Leaving the pictures aside, restate all of the data exactly.

> [STORED DATA]:
━━━━━━━━━━━━━━━━━━━━
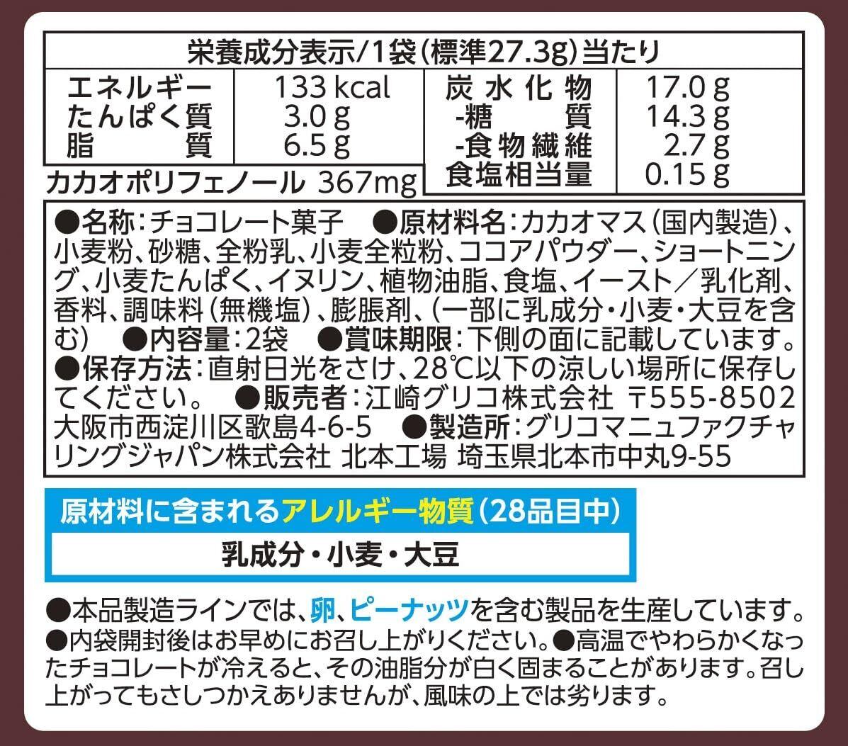 カカオマス(国内製造)、小麦粉、砂糖、全粉乳、小麦全粒粉、ココアパウダー、ショートニング、小麦たんぱく、イヌリン、植物油脂、食塩、イースト/乳化剤、香料、調味料(無機塩)、膨脹剤、(一部に乳成分・小麦・大豆を含む)
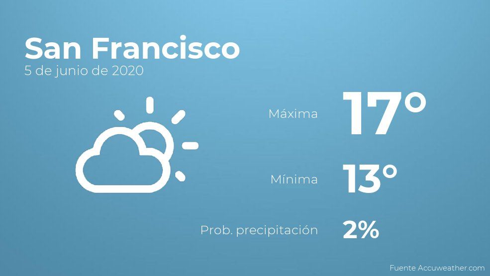 El clima para hoy en San Francisco, 5 de junio de 2020
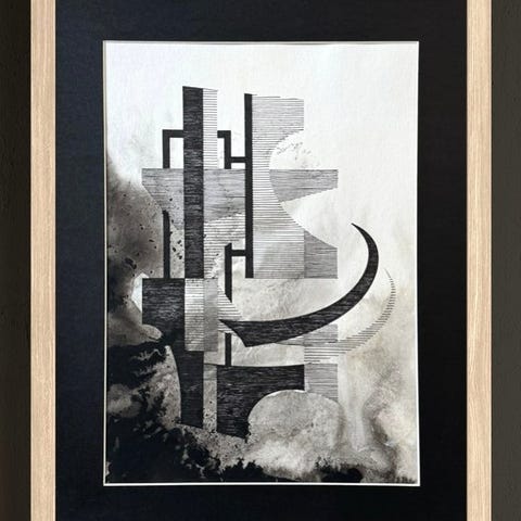 Kompositionen hviler på et stramt, geometrisk arrangement af slanke former, der artikulerer parallelle linjer, dyb sort og spændte kurver. Tegningen spiller på en markant kontrast mellem den dybe sort af blækket og de lyse områder i underlaget, forstærket af materiale- og spredningseffekter, som giver baggrunden
━━━━━━━━━━━━━━━━━━━━
> [TASK OUTPUT]:
 カカオマス(国内製造)、小麦粉、砂糖、全粉乳、小麦全粒粉、ココアパウダー、ショートニング、小麦たんぱく、イヌリン、植物油脂、食塩、イースト/乳化剤、香料、調味料(無機塩)、膨脹剤、(一部に乳成分・小麦・大豆を含む)
 El clima para hoy en San Francisco, 5 de junio de 2020
 Kompositionen hviler på et stramt, geometrisk arrangement af slanke former, der artikulerer parallelle linjer, dyb sort og spændte kurver. Tegningen spiller på en markant kontrast mellem den dybe sort af blækket og de lyse områder i underlaget, forstærket af materiale- og spredningseffekter, som giver baggrunden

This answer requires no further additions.